Recursively accessing files in your local directory is an important technique that Python programmers need to render in their application for the lookup of a file. This can be done using the concept of the regular expression. Regular Expressions or regex play a significant role in recursively finding files through Python code. In this article, you will learn about the glob() function that helps in finding files recursively through Python code.

What do you mean by the term glob?

Glob is a common term used for defining various techniques used for matching established patterns as per the rules mentioned in the Unix shell. Unix, Linux systems, and the shells are some systems that support glob and also render glob() function in system libraries.

Glob in Python:

From Python 3.5 onwards, programmers can use the Glob() function to find files recursively. In Python, the glob module plays a significant role in retrieving files & pathnames that match with the specified pattern passed as its parameter. The glob's pattern rule follows standard Unix path expansion rules. According to researchers and programmers, a benchmarks test was done and it is found that the glob technique is faster than other methods for matching pathnames within directories. With glob, programmers can operate wildcards ("*, ?, etc.) other than string-based searching to extract the path retrieval mechanism in a simpler and efficient manner.

Syntax: glob() and iglob():

glob.glob(path_name, *, recursive = False)
glob.iglob(path_name, *, recursive = False)

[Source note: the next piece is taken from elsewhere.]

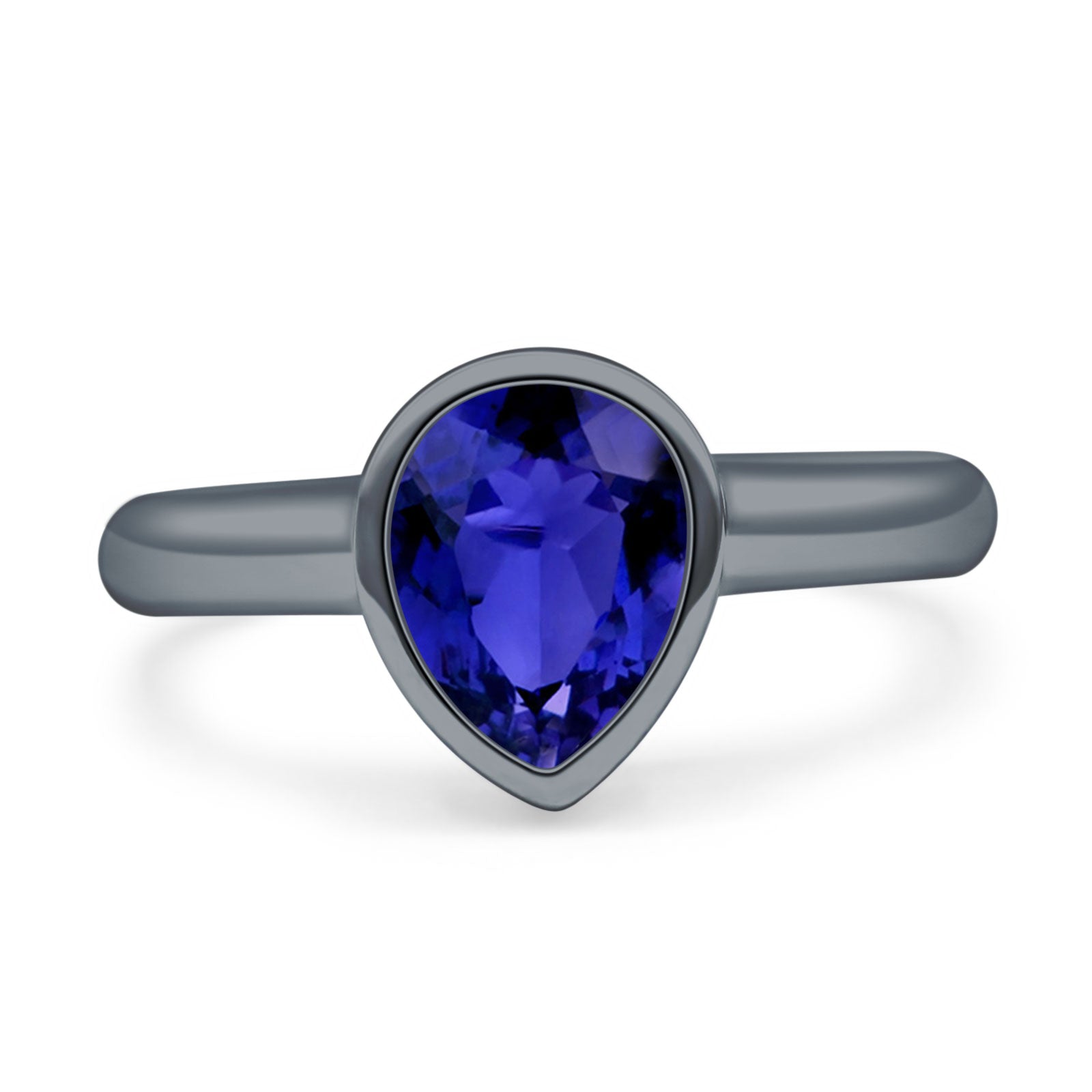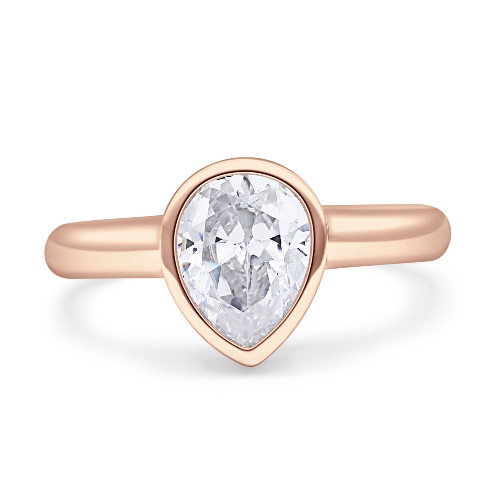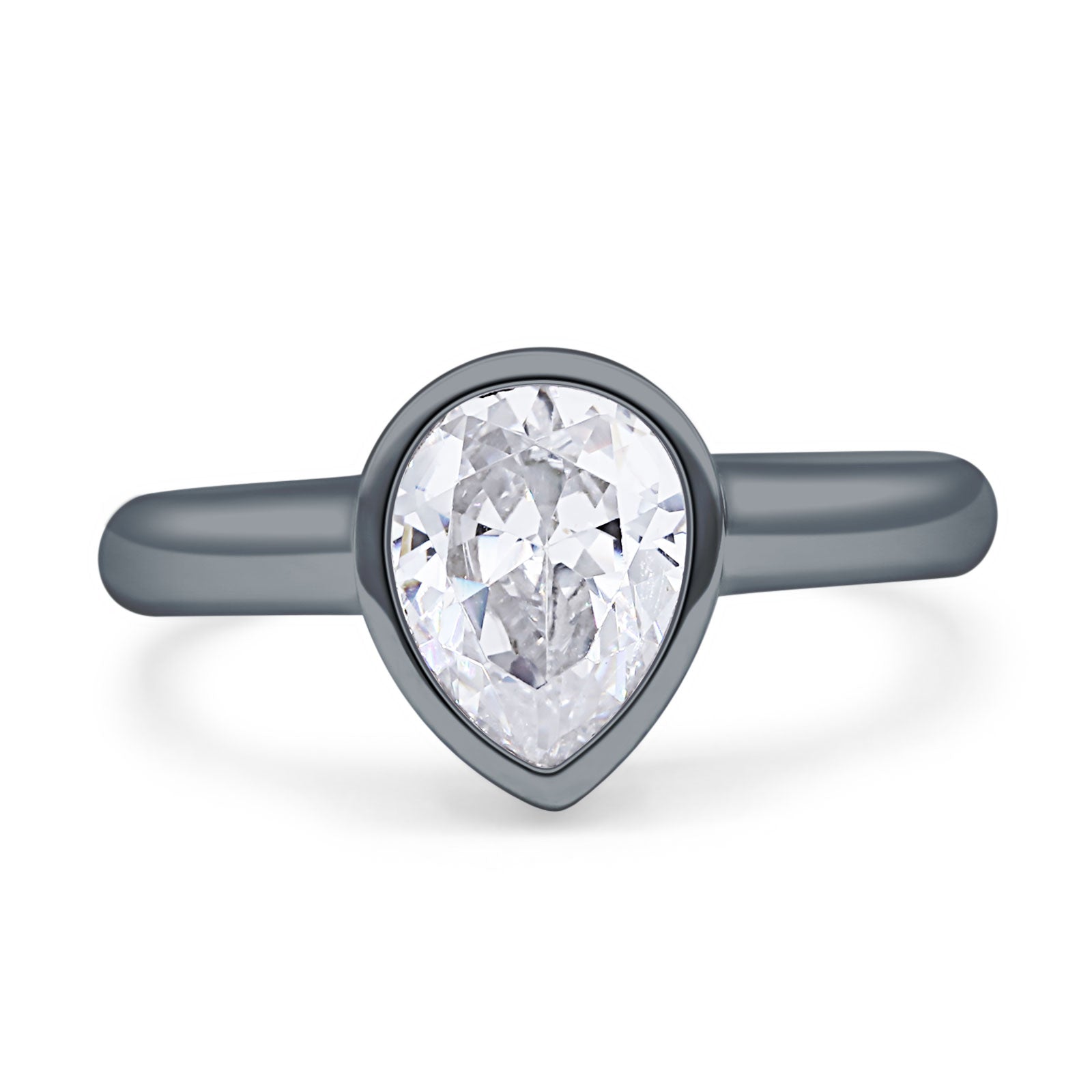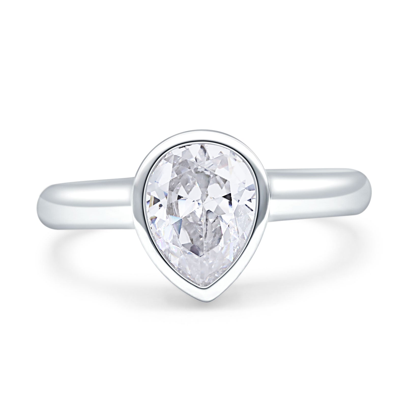 Bezel Set 9mmX6mm Pear Engagement Ring Cubic Zirconia 925 Sterling Silver

By default, the recursive value is set to false.

Program:

import glob
print('Explicitly mentioned file :')
for n in glob.glob('/home/karlos/Desktop/stechies/anyfile.txt'):
    print(n)
  
# The '*' pattern 
print('\n Fetch all with wildcard * :')
for n in glob.glob('/home/karlos/Desktop/stechies/*\n'):
    print(n)
# The '?' pattern
print('\n Searching with wildcard ? :')
for n in glob.glob('/home/karlos/Desktop/stechies/data?.txt \n'):
    print(n)
# The [0-9] pattern
print('\n Searching with wildcard having number ranges :')
for n in glob.glob('/home/karlos/Desktop/stechies/*[0-9].* \n'):
    print(n)

Output:

Explanation:

First, we have to import the glob module. Then we have to use the glob() method where we will pass the path that will look for all the subdirectories and print it using the print() function. Next, we will use different patterns such as * (asterisk), ? (wildcard), and [range] to the end of the path so that it can fetch and display all the folders existing within that subfolder.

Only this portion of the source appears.